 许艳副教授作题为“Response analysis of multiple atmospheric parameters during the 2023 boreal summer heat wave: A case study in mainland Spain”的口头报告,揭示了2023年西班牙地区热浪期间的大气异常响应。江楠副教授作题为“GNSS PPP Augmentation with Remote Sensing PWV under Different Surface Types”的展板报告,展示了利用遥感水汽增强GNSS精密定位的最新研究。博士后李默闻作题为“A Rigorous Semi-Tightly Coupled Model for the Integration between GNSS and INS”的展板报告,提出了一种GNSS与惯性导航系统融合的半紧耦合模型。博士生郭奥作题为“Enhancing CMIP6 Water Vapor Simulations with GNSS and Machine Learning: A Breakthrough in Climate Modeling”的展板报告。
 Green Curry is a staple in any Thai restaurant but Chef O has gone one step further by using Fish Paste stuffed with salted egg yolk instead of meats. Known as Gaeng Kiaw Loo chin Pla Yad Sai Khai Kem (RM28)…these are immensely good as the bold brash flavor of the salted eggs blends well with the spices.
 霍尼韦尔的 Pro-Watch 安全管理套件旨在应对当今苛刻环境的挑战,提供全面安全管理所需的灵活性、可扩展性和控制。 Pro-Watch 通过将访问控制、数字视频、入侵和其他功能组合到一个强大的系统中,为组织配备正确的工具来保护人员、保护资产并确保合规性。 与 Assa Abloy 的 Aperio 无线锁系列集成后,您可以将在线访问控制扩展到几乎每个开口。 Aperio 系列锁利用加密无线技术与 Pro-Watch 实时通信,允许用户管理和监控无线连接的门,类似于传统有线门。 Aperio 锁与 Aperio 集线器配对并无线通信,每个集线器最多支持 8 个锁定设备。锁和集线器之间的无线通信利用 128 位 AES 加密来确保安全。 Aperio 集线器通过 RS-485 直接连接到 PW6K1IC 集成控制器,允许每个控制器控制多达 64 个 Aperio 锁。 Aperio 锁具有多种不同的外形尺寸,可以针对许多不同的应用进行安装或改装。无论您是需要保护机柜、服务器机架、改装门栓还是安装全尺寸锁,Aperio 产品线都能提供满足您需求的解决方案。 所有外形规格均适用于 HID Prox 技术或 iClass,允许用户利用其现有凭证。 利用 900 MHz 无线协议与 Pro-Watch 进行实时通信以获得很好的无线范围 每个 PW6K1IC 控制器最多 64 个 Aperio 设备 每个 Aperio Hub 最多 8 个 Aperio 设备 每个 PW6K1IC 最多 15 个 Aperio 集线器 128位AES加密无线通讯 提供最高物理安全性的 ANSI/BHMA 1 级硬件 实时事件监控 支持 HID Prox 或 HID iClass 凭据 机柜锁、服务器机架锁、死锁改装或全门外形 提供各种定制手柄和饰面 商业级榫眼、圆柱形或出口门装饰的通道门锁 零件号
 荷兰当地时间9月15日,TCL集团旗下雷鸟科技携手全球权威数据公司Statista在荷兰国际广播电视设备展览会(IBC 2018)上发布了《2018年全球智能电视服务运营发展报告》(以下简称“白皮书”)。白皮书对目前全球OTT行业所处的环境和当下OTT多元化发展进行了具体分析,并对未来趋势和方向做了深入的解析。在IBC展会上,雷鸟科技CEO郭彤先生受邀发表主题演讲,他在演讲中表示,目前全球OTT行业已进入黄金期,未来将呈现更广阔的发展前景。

...

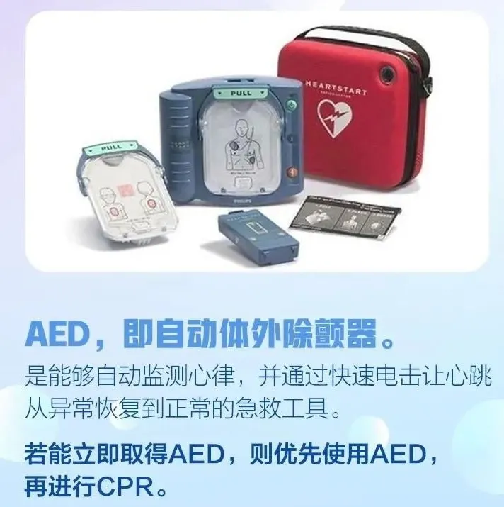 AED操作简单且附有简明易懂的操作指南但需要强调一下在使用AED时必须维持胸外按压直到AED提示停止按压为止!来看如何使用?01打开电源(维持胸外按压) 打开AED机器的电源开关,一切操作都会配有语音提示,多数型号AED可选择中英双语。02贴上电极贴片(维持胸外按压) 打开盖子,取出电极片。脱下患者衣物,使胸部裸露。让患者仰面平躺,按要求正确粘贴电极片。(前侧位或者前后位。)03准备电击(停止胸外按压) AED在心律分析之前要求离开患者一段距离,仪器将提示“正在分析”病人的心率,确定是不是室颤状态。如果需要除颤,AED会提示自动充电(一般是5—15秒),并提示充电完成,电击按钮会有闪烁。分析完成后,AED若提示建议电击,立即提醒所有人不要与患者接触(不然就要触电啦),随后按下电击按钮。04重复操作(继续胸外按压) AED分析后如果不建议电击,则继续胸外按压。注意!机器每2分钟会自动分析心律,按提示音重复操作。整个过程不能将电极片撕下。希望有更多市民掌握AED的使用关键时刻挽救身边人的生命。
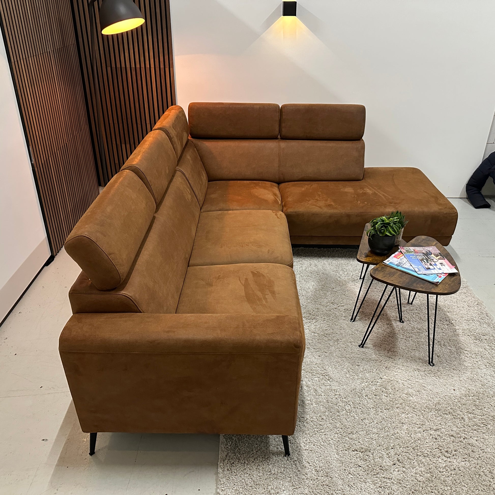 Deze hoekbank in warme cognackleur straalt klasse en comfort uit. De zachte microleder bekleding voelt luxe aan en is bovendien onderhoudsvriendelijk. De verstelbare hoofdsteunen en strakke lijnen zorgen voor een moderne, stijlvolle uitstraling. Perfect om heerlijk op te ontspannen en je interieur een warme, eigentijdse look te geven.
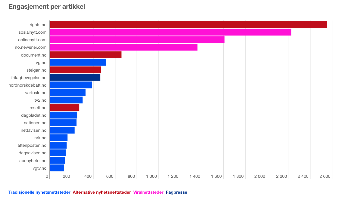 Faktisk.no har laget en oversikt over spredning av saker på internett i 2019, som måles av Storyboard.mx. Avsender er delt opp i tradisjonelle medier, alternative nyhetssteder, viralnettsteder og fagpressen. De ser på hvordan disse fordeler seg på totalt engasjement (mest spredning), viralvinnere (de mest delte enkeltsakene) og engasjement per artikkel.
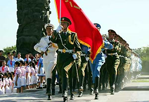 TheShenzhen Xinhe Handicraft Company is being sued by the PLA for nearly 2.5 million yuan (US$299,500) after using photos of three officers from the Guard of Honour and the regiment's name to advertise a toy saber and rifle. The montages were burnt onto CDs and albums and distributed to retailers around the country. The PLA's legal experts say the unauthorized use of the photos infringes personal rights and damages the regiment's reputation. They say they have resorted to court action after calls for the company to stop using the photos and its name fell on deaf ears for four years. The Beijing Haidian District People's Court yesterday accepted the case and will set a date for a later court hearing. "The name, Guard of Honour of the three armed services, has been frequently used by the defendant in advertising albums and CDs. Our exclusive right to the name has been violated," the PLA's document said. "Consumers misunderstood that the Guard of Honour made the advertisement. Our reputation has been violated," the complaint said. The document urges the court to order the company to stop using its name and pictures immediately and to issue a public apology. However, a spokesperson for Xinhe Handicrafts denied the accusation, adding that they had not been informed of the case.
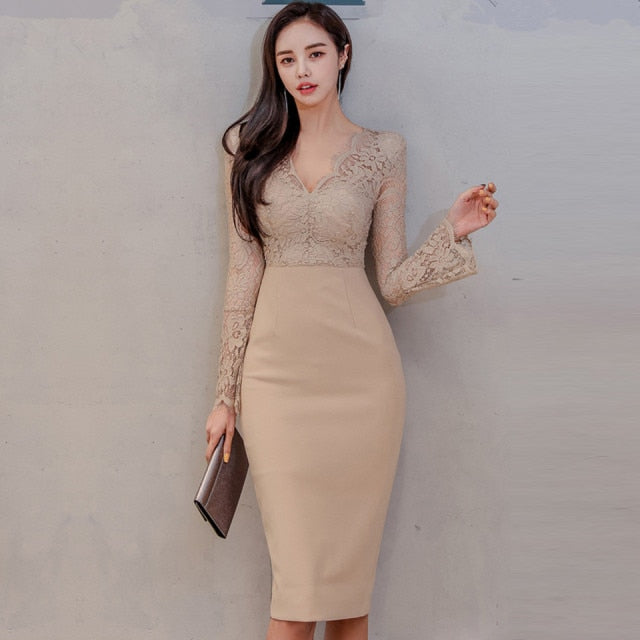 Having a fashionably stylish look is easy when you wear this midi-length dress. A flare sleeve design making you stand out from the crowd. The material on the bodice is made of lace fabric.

* * *

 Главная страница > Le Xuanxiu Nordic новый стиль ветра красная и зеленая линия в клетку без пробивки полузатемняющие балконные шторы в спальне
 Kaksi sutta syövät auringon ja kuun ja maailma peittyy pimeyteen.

• Task to carry out:
For each line in the material above that contains the string "with", make a copy.

• The answer:
 许艳副教授作题为“Response analysis of multiple atmospheric parameters during the 2023 boreal summer heat wave: A case study in mainland Spain”的口头报告,揭示了2023年西班牙地区热浪期间的大气异常响应。江楠副教授作题为“GNSS PPP Augmentation with Remote Sensing PWV under Different Surface Types”的展板报告,展示了利用遥感水汽增强GNSS精密定位的最新研究。博士后李默闻作题为“A Rigorous Semi-Tightly Coupled Model for the Integration between GNSS and INS”的展板报告,提出了一种GNSS与惯性导航系统融合的半紧耦合模型。博士生郭奥作题为“Enhancing CMIP6 Water Vapor Simulations with GNSS and Machine Learning: A Breakthrough in Climate Modeling”的展板报告。
 Green Curry is a staple in any Thai restaurant but Chef O has gone one step further by using Fish Paste stuffed with salted egg yolk instead of meats. Known as Gaeng Kiaw Loo chin Pla Yad Sai Khai Kem (RM28)…these are immensely good as the bold brash flavor of the salted eggs blends well with the spices.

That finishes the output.